[Data extracted from a collection]
═══
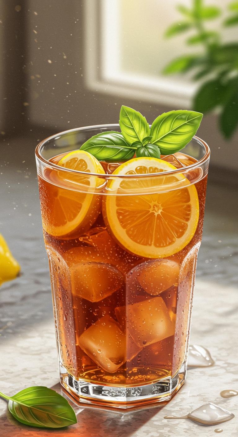 - Serve over ice and garnish with fresh basil.
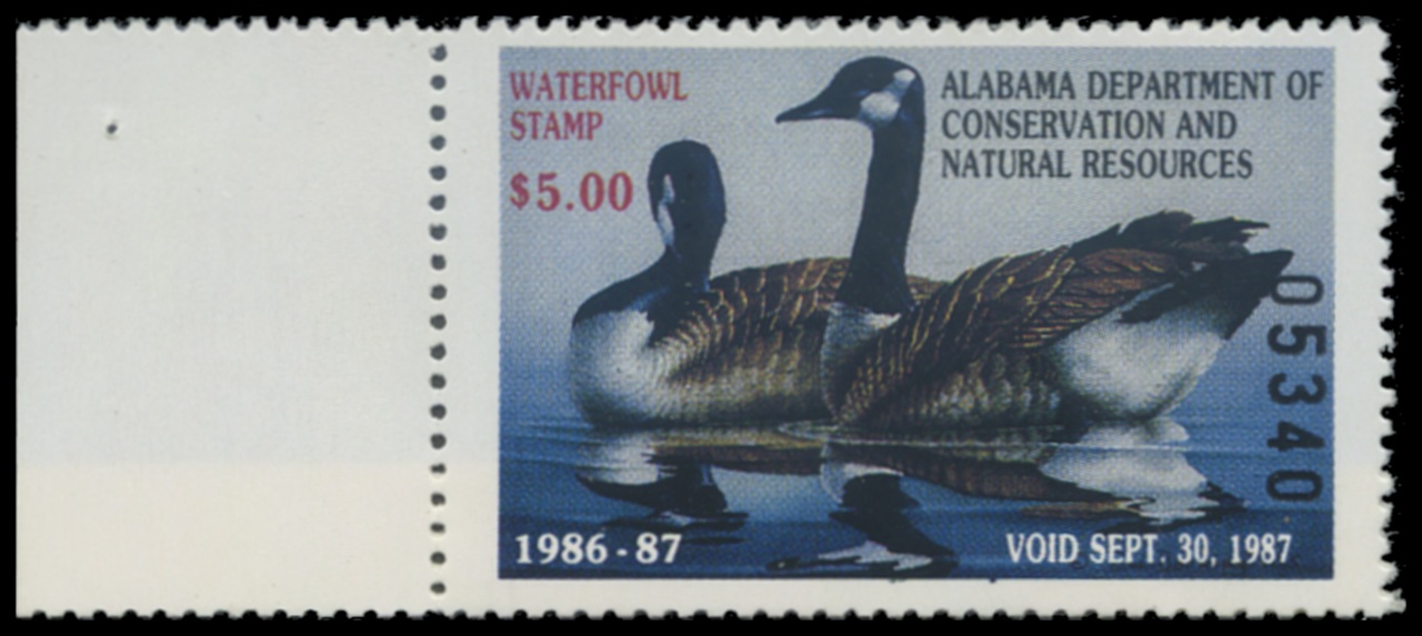 AL8 1986 State Duck Stamp. Mint Never Hinged. Very Fine. Canada Geese by Danny Dorning.
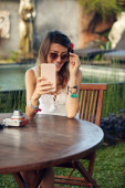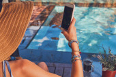 Dziewczyna za pomocą telefonu komórkowego, leżąc na tarasie przy basenie
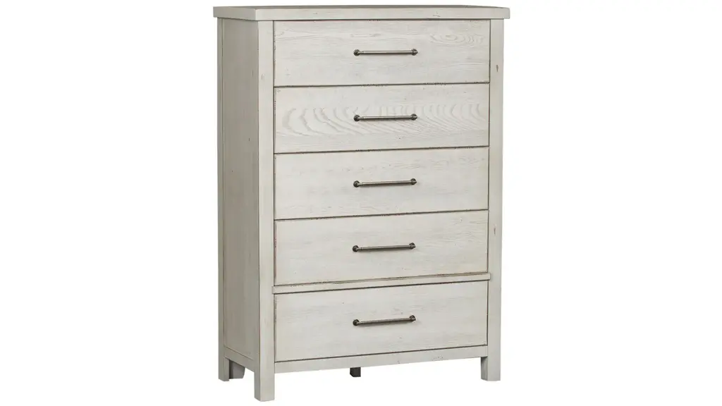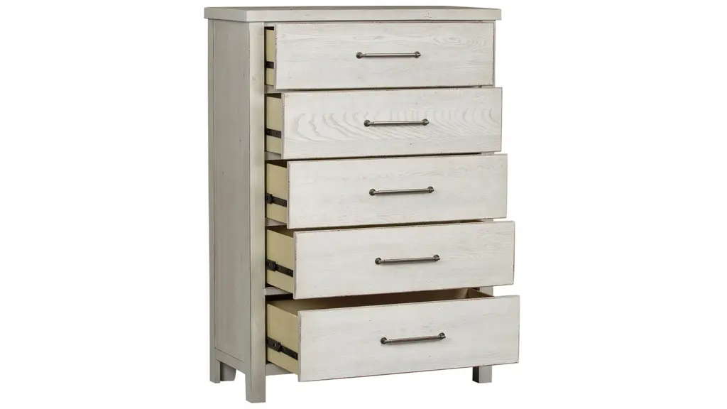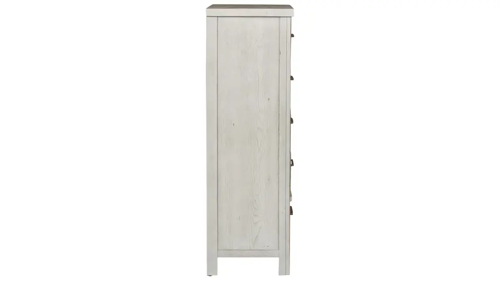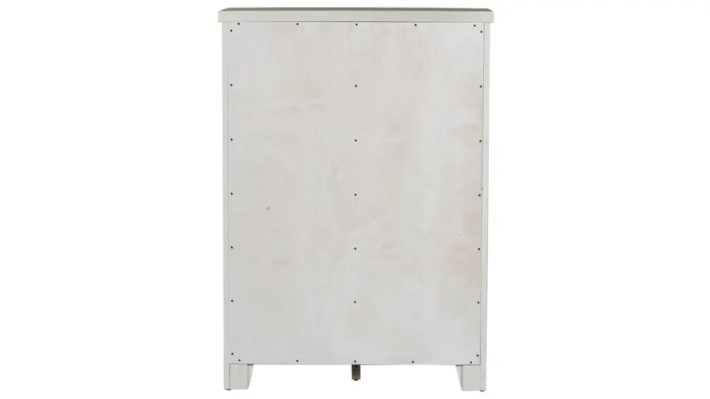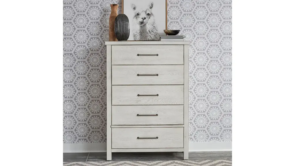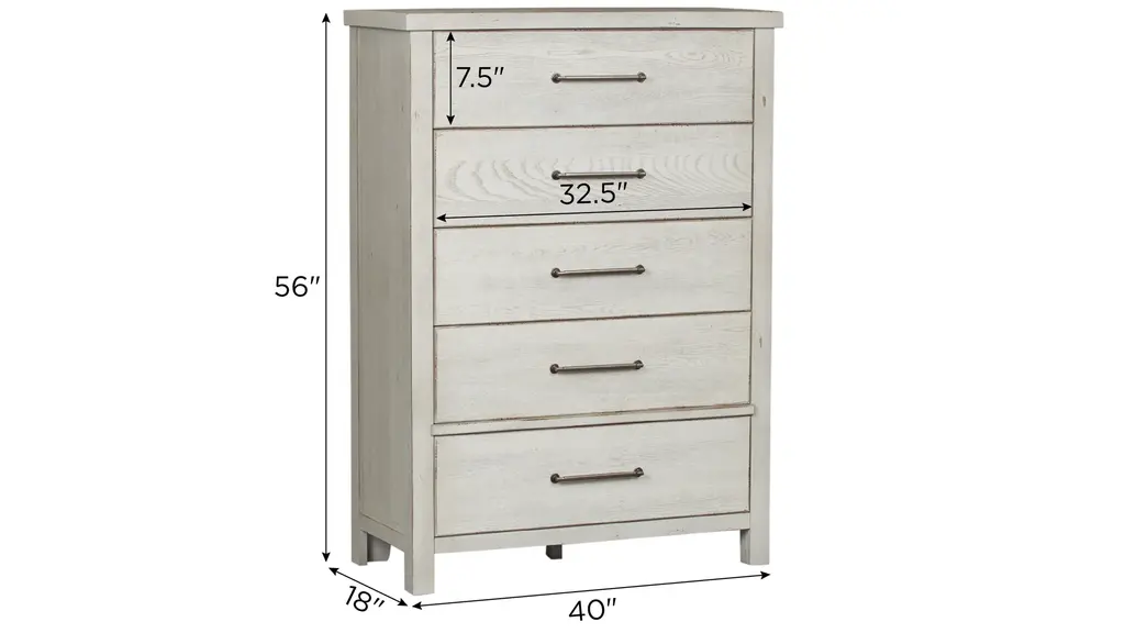 Create an inviting space with the Marguerite 5-drawer Chest. Crafted with poplar solids and knotty white oak veneers, this piece features bottom case dust proofing, cedar lined bottom drawers, fully stained interior drawers and premium felt lined top drawers. The flea market white finish with heavy distressing accompanied by washed brass elongated bar pull hardware offers a neutral palette of finish and adds texture to any space.
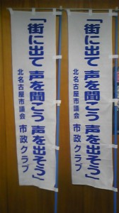 市政クラブの活動方針である「街に出て声を聞こう声を出そう」の旗ができました。 この旗印のもとに街頭演説・議会報告会などの活動をしてまいります。
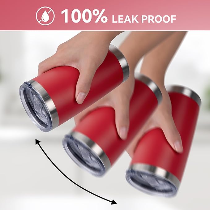- 18/8 Stainless Steel Tumblers: Our tumbler cups are made of food-grade stainless steel, which makes them rust-resistant and unbreakable for heavy use all year round. The press-on lid is made of BPA-free plastic, which is safe and prevents leaks. These non-toxic tumblers provide a healthy drinking experience.
═══
Your task:
Only the lines from the one holding "市政クラブの活動方針である「" through the end of the data are to be printed, exactly as they stand and with no pictures.

Your solution:
 市政クラブの活動方針である「街に出て声を聞こう声を出そう」の旗ができました。 この旗印のもとに街頭演説・議会報告会などの活動をしてまいります。
- 18/8 Stainless Steel Tumblers: Our tumbler cups are made of food-grade stainless steel, which makes them rust-resistant and unbreakable for heavy use all year round. The press-on lid is made of BPA-free plastic, which is safe and prevents leaks. These non-toxic tumblers provide a healthy drinking experience.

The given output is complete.